Your projects range from built physical things in the real world—buildings and infrastructural installations, for instance—to projective or speculative projects with huge ambitions. Can you tell us a little about how you envision the relationship between these different types of work as it relates to the identity of your practice?

It has to do with this idea of practice, and also what a young architect can do within certain situations. When you get out of school, what kind of work are you doing, versus once you’re ten or fifteen years out of school, what are you capable of doing, what do you have under your belt?
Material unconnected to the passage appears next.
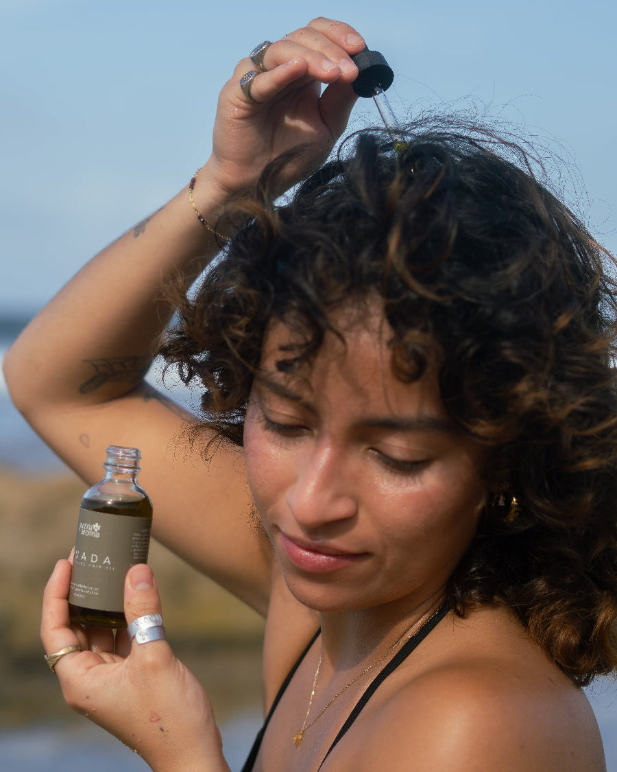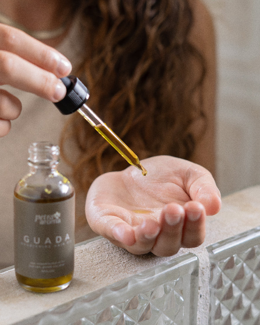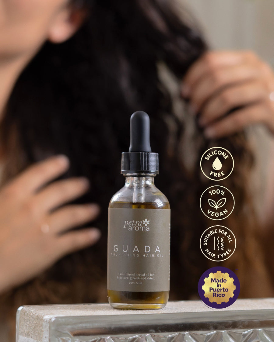 Guada es un aceite capilar a base de hierbas elaborado en el Caribe que ayuda a reducir la caída del cabello, fortalecer las hebras y calmar el cuero cabelludo.

Some of the speculative work came out of a moment when I didn’t think building was the right answer right then—I just wanted to explore and think about how to experiment. I had some time to do research, and I think that came out inevitably from that moment. I’m doing much more built work now, which is great. But I don’t think too much about the identity of the practice. There are certain moments in one’s practice or in one’s trajectory where certain things feel appropriate. And I guess I like to think that there’s a speculative dimension to built work. I also feel like you have to have larger conceptual or speculative ideas at the beginning of your career, before you get into nitty-gritty details of a door schedule. I think it’s important to lay out what is foundational or influential, as well as the values or ethics of your practice. Architecture is so detailed that you have to really think about what are the big ideas, what’s important to you, so you don’t lose sight of those things. So, the speculative work and some of the installation-scale work help me to identify those things.